=== Dataset excerpt ===
——————————

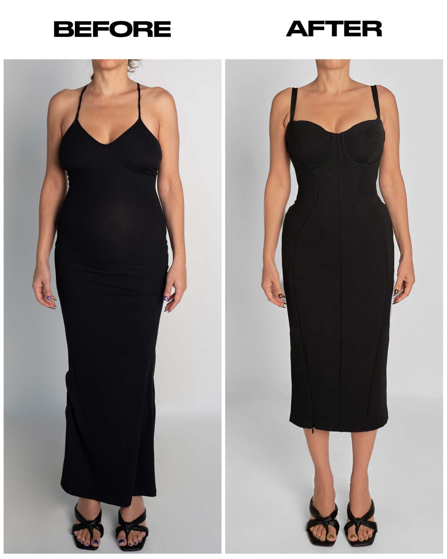 - Built-in shapewear that smooths, sculpts, and supports - no extra layers required.
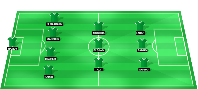 Hamdy (GK), Nader (DF), Hashem (DF), Mansour (DF), El Saadawy (DF), Ali (MF), El Saaiy (MF), Mugisha (MF), Sharaf (FW), Bambo (FW), Farag (FW).
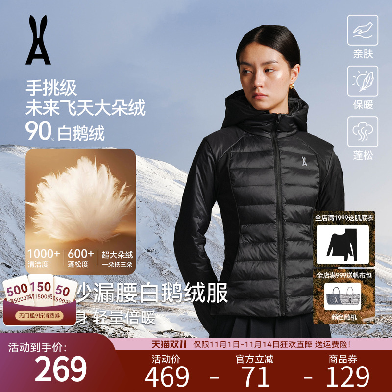 【90 Goose Down】Anoutu hourglass waist light rib down jacket women's slim elastic inner windproof and detachable hat
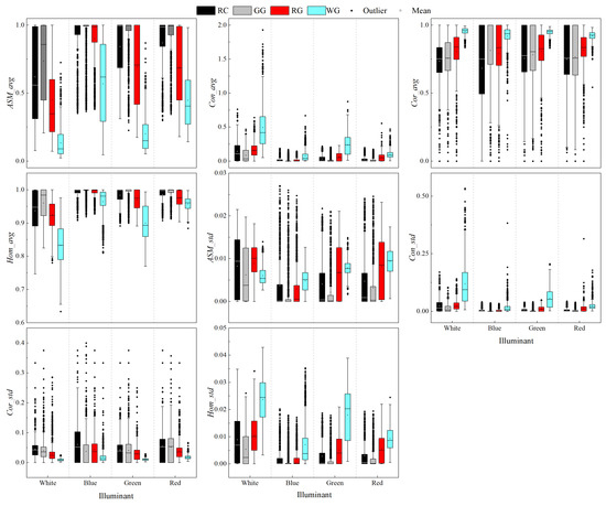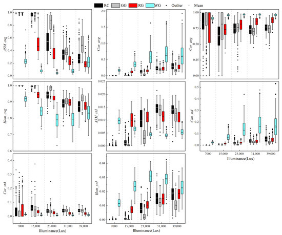 Based on the influences of different light intensities under white light illumination shown in Figure 6, the response relationship between illuminance and texture characteristics of coal gangue was observed. The ASM_avg gradually decreased for RC, GG, and RG; only under high illuminance did they display complex and clear textures. The ASM_avg of WG exhibited a U-shaped change—initially decreasing and then increasing—with medium illuminance being most conducive to revealing the complexity of surface texture structures. The Con_avg values of all coal gangue types exhibited linear growth with increasing illuminance. The trend of Hom_avg values resembled that of ASM, while Cor_avg values showed no discernible pattern.

——————————

=== Exercise ===
Leaving the pictures out, transcribe word for word the lines from the one with "and detachable hat" to the end of the material above, inclusive, and nothing else.

=== Exercise answer ===
 【90 Goose Down】Anoutu hourglass waist light rib down jacket women's slim elastic inner windproof and detachable hat
 Based on the influences of different light intensities under white light illumination shown in Figure 6, the response relationship between illuminance and texture characteristics of coal gangue was observed. The ASM_avg gradually decreased for RC, GG, and RG; only under high illuminance did they display complex and clear textures. The ASM_avg of WG exhibited a U-shaped change—initially decreasing and then increasing—with medium illuminance being most conducive to revealing the complexity of surface texture structures. The Con_avg values of all coal gangue types exhibited linear growth with increasing illuminance. The trend of Hom_avg values resembled that of ASM, while Cor_avg values showed no discernible pattern.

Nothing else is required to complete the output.